日本ジオパークへの登録には、単に地質学的特徴があるだけでなく、地域として魅力を知り、保護を行う活動も重要であるとされています。こうした中で、津南小学校の子どもたちが6つのプロジェクトを立ち上げ、様々な形で苗場山麓ジオパークを応援してくれたのです。そのひとつとして、PRソング「Takaramono」が生まれました。「たった一つのタカラモノ 津南はただのいなかじゃないのさ あふれる自然の中 生まれた奇跡の大地 苗場山麓ジオパーク 僕らが津南の未来を創る」、私はこの歌を初めて聞いた時、嬉しさのあまり涙が止まりませんでした。自分たちが生まれ育つ津南町を宝物であると考え、自分たちがつなぎ、新しい未来を創る。これこそが、私のタカラモノであり、守っていかなければいけないものであると確信しました。この他にも認定に向けての動きが町内で次々と盛り上がりをみせ、平成26年12月に日本ジオパークへ登録されました。

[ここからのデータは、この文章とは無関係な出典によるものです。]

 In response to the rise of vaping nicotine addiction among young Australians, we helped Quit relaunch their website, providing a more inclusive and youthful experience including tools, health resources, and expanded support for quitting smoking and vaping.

タカラモノの視点は、これまで「やっかいなもの」であった「雪」を、「雪のお蔭で」と発想を変えさせるきっかけともなりました。雪を地域資源と考え、これを熱冷却に活用するデータセンターの誘致に成功しました。雪は、農産物にも活用され、冬季間に屋内に大量の雪を貯め、日本一の品質とされるユリ切り花カサブランカの出荷に活用したり、農産物を雪室に貯蔵することで付加価値(貯蔵により甘みが増加します)を加えたりすることも進められています。春先に雪の下から掘り起こす「雪下ニンジン」は、ニンジンとは信じがたい、甘さ、みずみずしさから毎年テレビにも取り上げられ、全国的にも認知度が上がっています。

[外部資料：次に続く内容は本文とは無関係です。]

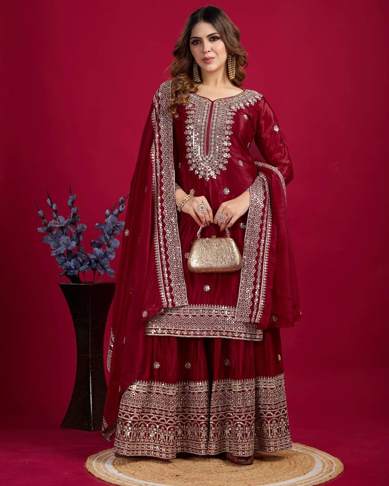 • Product Id : 4702753 • Package Details : 1 Kurta/ 1 Sharara • Type : Kurta Sets • Fabric : Silk • Work : Embroidered • Type : Sequins Work • Sleeve : Full Sleeve • Color : Maroon • Stitching : Stitched • Length : 39.0 Payments [+]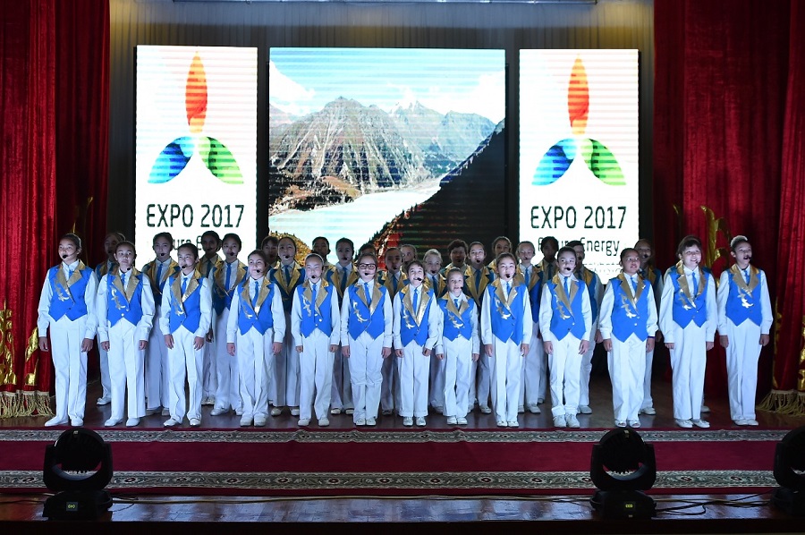 Osydan soń qonaqtar «Bolashaq energııasy» EKSPO-2017» taqyrybynda oqýshylardyń qatysýymen ótken fleshmobty, «EKSPO-2017 halyqaralyq kórmesi – balalar áleminde» atty sahnalyq kórinisti tamashalady.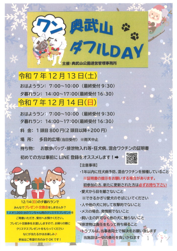 12月のワンダフルDAY(ドッグラン)が決定いたしました!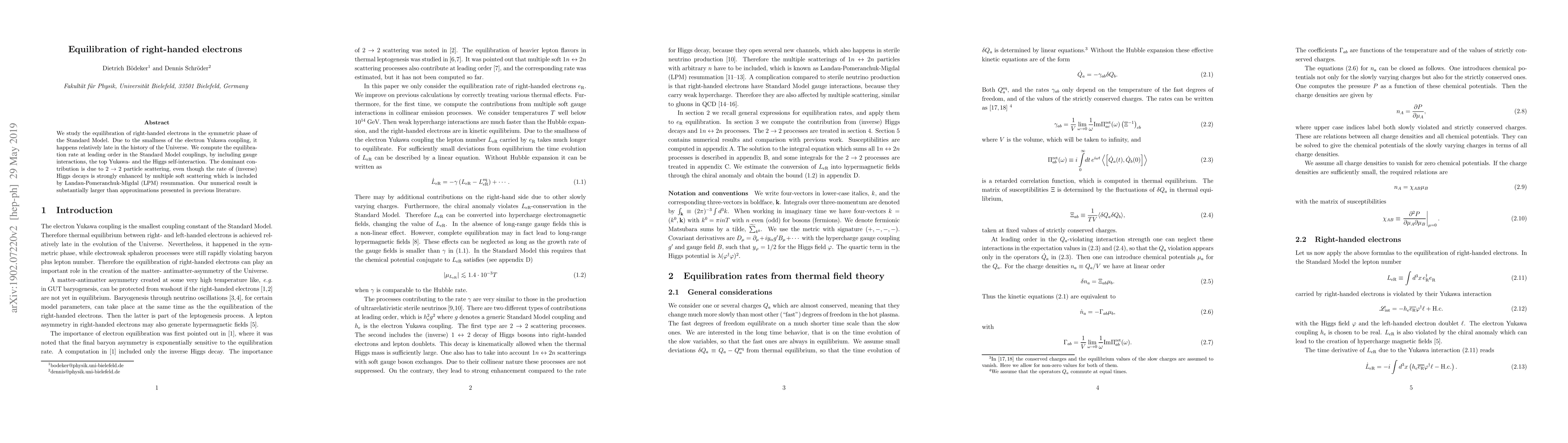 This paper investigates the equilibration of right-handed electrons in the Standard Model's symmetric phase, finding it occurs late due to the small electron Yukawa coupling. The study computes the equilibration rate, revealing a dominant contribution from $2 \to 2$ scattering, with significant enhancement from soft scattering effects via LPM resummation, resulting in a higher numerical rate than previous approximations.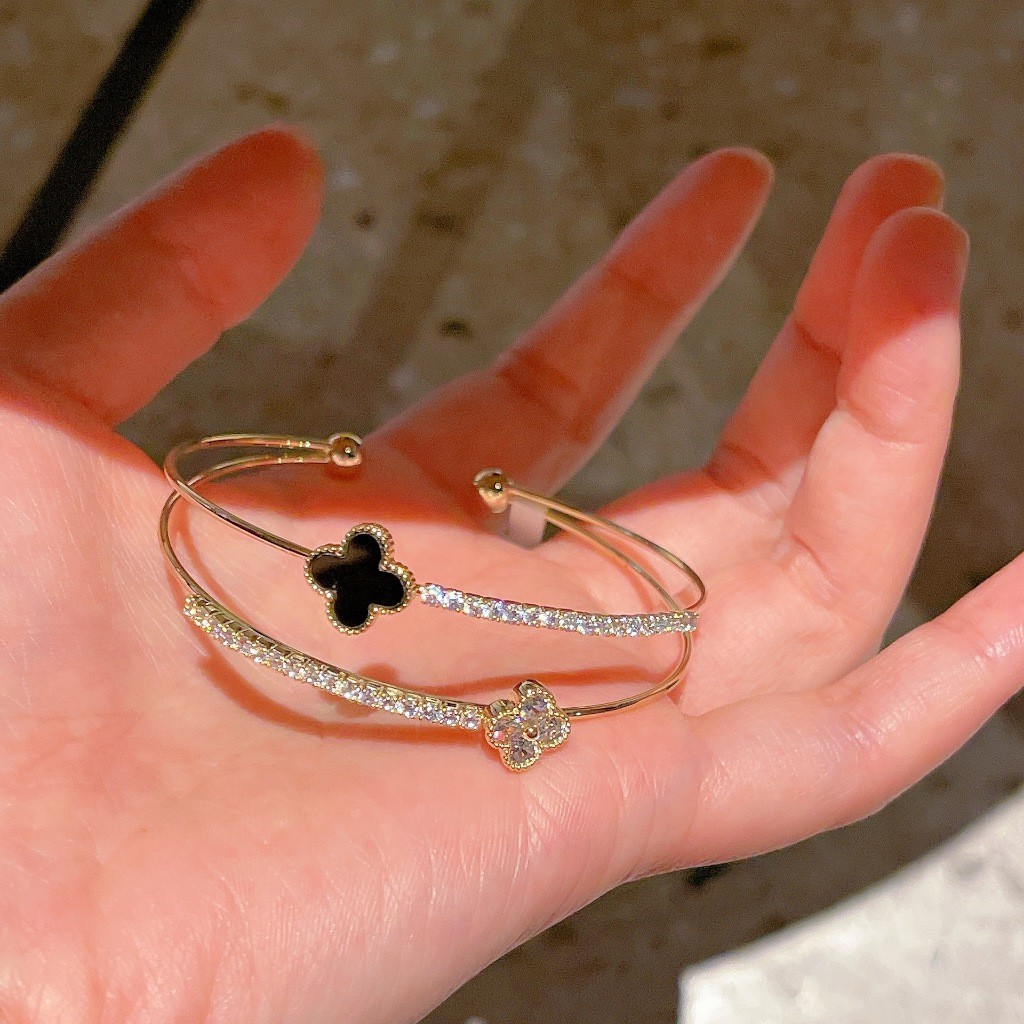 pulseira de dupla camada trevo de quatro folhas 2024 nova pulseira requintada aberta temperamento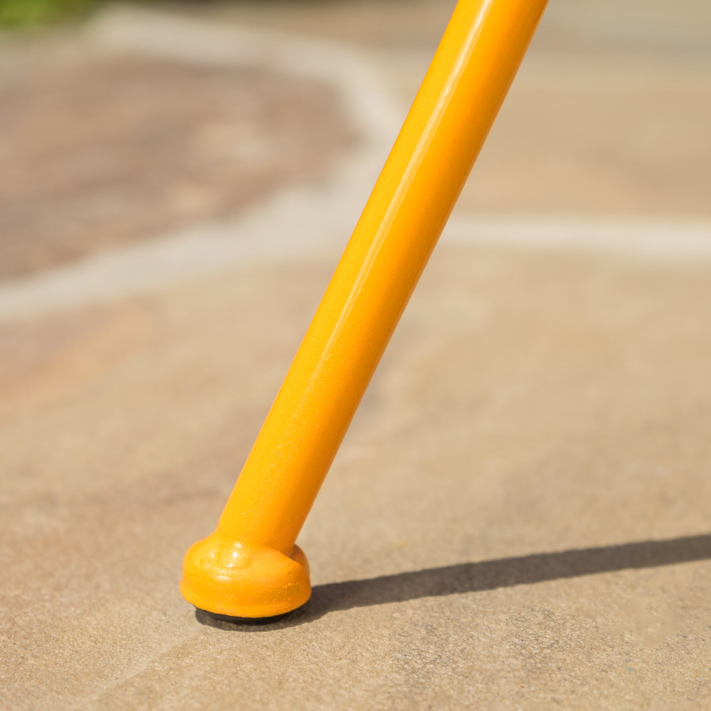 This end table is a great way to add a splash of sunlight to your patio. With yellow accents on the tile and a yellow orange powder coating on the iron frame, this table is its own ray of sunshine. Featuring bright flower based tile designs, this wonderful accent table is sure to brighten your day.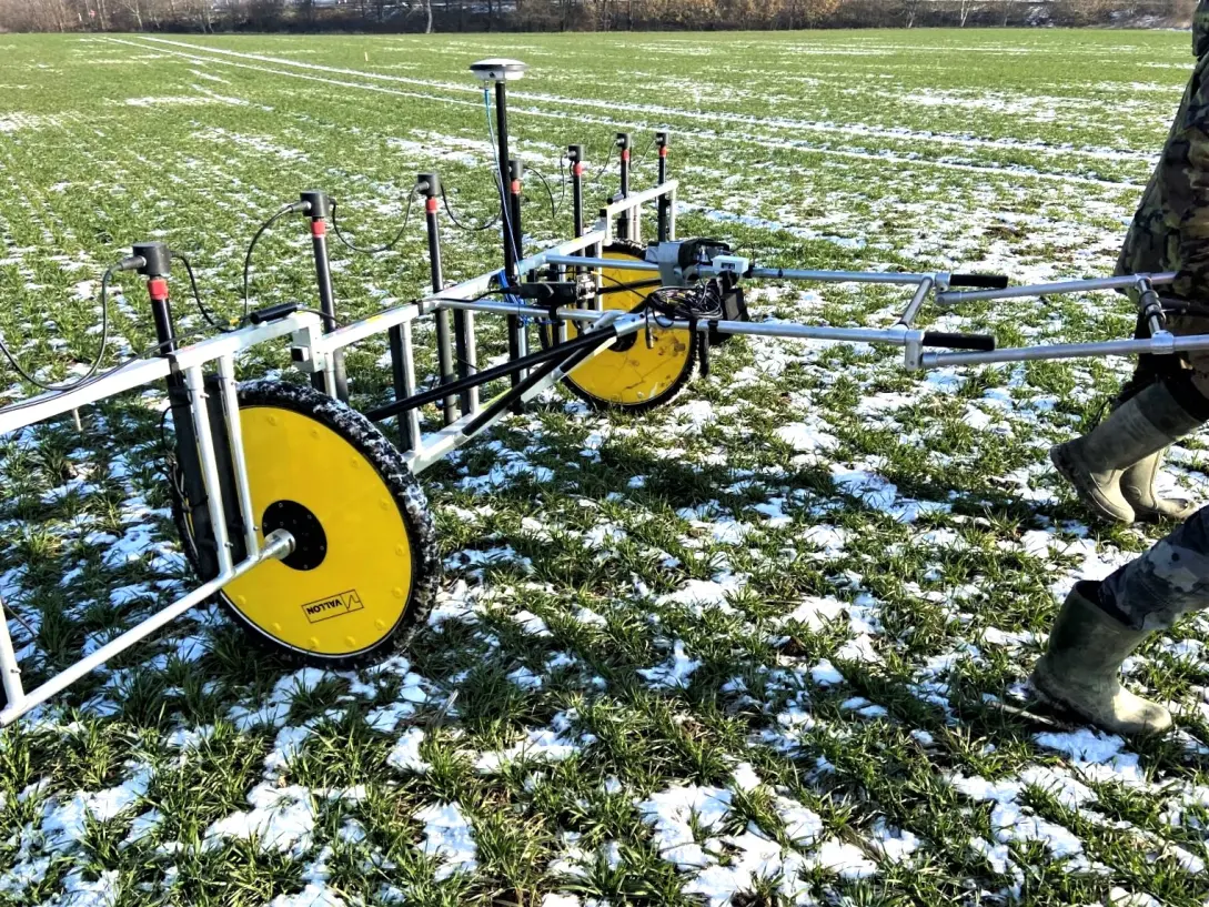 3) Měřící skupina prozkoumá vytyčenou plochu pomocí magnetometru. Získaná terénní data následně podléhají zpracování do formátu map vertikálního gradientu magnetického pole země. Tyto mapy obdrží skupina pyrotechniků pro následné ověření.

雪はまた、豊富で清冽な水をこの地にもたらしてくれます。津南の水は軟水で、とてもまろやかな美味しい水です。水工場を誘致し、大手コンビニエンスストアの全国1万店超の店舗で「津南の天然水」が販売されています。雪由来の豊富な水は大地を潤し、魚沼コシヒカリを町独自の基準「津南町認証米」として栽培し、高い評価を得ています。

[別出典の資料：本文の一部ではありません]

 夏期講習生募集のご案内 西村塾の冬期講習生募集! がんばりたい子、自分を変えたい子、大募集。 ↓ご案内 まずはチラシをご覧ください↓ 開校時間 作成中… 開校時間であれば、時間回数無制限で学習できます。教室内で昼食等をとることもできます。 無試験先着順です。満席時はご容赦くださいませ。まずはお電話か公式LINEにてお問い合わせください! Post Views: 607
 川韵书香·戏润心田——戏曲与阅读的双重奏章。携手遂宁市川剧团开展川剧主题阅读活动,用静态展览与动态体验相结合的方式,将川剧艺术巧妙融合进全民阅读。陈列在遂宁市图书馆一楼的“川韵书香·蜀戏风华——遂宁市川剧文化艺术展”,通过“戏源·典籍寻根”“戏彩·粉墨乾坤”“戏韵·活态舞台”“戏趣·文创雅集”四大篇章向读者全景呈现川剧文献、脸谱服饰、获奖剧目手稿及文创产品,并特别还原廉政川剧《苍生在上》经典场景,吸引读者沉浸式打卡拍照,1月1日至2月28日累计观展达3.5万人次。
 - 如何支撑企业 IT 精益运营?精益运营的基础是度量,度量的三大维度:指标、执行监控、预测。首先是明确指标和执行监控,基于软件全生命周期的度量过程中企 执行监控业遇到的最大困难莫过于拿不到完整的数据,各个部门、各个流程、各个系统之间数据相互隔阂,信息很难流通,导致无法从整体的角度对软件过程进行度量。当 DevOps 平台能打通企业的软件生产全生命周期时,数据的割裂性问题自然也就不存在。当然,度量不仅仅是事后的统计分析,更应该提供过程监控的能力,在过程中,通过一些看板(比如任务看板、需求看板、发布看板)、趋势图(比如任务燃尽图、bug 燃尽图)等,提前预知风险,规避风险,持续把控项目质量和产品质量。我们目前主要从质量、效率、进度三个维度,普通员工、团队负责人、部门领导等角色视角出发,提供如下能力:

さらに、津南町の、そして私のタカラモノである子どもたちのために、「やさしいつなんづくり」も進めています。胎児から就労まで切れ目のない支援を実現するために、保育園の担当部署を教育委員会に移して、保育園と小学校はもちろん様々な子育て支援の連携を進める「育ネットつなん」を創設し、一貫した子育てのシステムを確立しています。小さな津南町だからできる、小さなソフト事業にも力を入れており、そのひとつ「早寝、早起き、朝ご飯」の取組の一部が評価され、平成29年3月に文部科学大臣表彰をいただきました。また、使用されていない教員住宅を活用し「子育て支援住宅」として活用したり、妊産婦医療費助成や高校卒業までの医療費助成を行ったり、支援策を拡大しています。

高齢化や人口減、厳しい経済情勢など、町のおかれた状況は決して楽観できるものではありません。しかし、これからも、町民と一丸となって、津南町のタカラモノを、守り、つなぎ、新しい未来を創造していきたいと考えております。